Auch das „Innere“ des Hauptgebäudes ist lückenlos bemalt und teilweise seltsam eingerichtet. Es fällt auf, dass auch im unteren Bereich des Gebäudes die Wände fehlen, obwohl diese sicher nicht wie bei den Radomen auf dem Dach aus stoffartigem Material bestanden. Wie uns der freundliche Mann vom Eingang später erzählt, sollten in dem Gebäude einmal Wohnungen eingerichtet werden, und zu diesem Zweck wurde zumindest das asbesthaltige Material entfernt – unter anderem eben die Wände.

Auf dem Dach angekommen erwartet uns ein Anblick des Verfalls. Die beiden kleineren, tiefen Radome sind leider im unteren Bereich komplett entkleidet und sehr viel liebloser bemalt als manch anderer Ort des Geländes. Natürlich begeben wir uns trotzdem einmal herein.

Und wenn man drüber nachdenkt ist das total klar, aber für mich überraschend kam die Akustik im Inneren eines solchen Radoms: Jeder Schritt hallt wie eine Gewehrschuss über weite Wiesen, jedes Wort wird so oft zurück geworfen, dass jegliche Unterhaltung höchstens im Flüsterton stattfinden kann. In diesen kleineren Radomen mit Stoffbespannung ist der Effekt noch nicht so stark ausgeprägt, wie im nächsten Ziel: Der obersten Kuppel. Der, die man schon von weit her sieht und die auf dem runden Podest mit noch mehr zerrissenen Planen den charakteristischen Anblick der Berlin Field Station ausmacht.

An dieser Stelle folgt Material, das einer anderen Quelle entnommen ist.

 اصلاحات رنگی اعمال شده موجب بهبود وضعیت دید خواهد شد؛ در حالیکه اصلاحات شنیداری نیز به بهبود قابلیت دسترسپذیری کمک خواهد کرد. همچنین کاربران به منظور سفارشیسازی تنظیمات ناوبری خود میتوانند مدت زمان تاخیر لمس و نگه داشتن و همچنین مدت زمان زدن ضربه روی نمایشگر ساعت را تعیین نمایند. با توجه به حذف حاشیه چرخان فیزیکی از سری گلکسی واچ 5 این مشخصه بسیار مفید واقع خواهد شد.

Dieses sehr viel größere Radom ist mit festem Material verkleidet und daher keineswegs verfallen. Allerdings heißt das auch, dass es da oben nicht so viel Licht oder Ausblickspunkte gibt. Dafür ist die Akustik um so eindrucksvoller.

Leider ist damit (fast im wahrsten Sinne des Wortes) das Ende der Fahnenstange erreicht. Alles in allem zwar ein lohnenswerter Besuch, der aber mit der historischen Führung sicherlich noch interessanter gewesen wäre. Vielleicht hätte ich zur Vorbereitung auch noch einmal den Vortrag zur Field Station Berlin des 31C3 wiederholen sollen, aber in jedem Fall finde ich es schön diesen historischen Ort mal persönlich besichtigt zu haben.

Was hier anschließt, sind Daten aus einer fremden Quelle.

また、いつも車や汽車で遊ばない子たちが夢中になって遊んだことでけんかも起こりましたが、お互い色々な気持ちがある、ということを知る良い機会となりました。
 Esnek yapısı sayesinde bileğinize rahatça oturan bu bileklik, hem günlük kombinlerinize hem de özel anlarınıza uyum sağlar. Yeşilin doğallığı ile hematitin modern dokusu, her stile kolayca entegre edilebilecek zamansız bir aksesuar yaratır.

Ich kann nun auch gut diejenigen (wie z.B. den bereits vorhin genannten Verein) verstehen, die sich für einen Denkmalschutz des Geländes einsetzen. So schön die Malereien teilweise auch sind, so ärgerlich sind sie andererorts. Und in jedem Fall verfallen die Gebäude weiter und weiter. Dem Gebäude wieder Wände zu schenken, die Radome zu flicken und vielleicht einige Infotafeln aufzustellen, die über die früheren Aktivitäten an dieser Stelle informieren, halte ich für sehr erstrebenswert. Zumindest müsste man dann vielleicht keinen Haftungsausschluss unterschreiben, bevor man das Gelände, das offiziell eine Baustelle ist, betreten darf…

Vandalism keep out. Ob das reicht, um diese historische Stätte zu erhalten?
Vandalism keep out. Ob das reicht, um diese historische Stätte zu erhalten?
  1. Habe ich mal erwähnt, wie lustig ich die Angabe von Steigungen in Prozent finde? Ich frage mich dann immer, ob man von Nicht-Mathematikern wirklich erwarten kann, dass sie dafür ein Gefühl haben, oder ob es einfach eine Art der Interpretation dieser Angaben gibt, die sich mir nicht erschließt.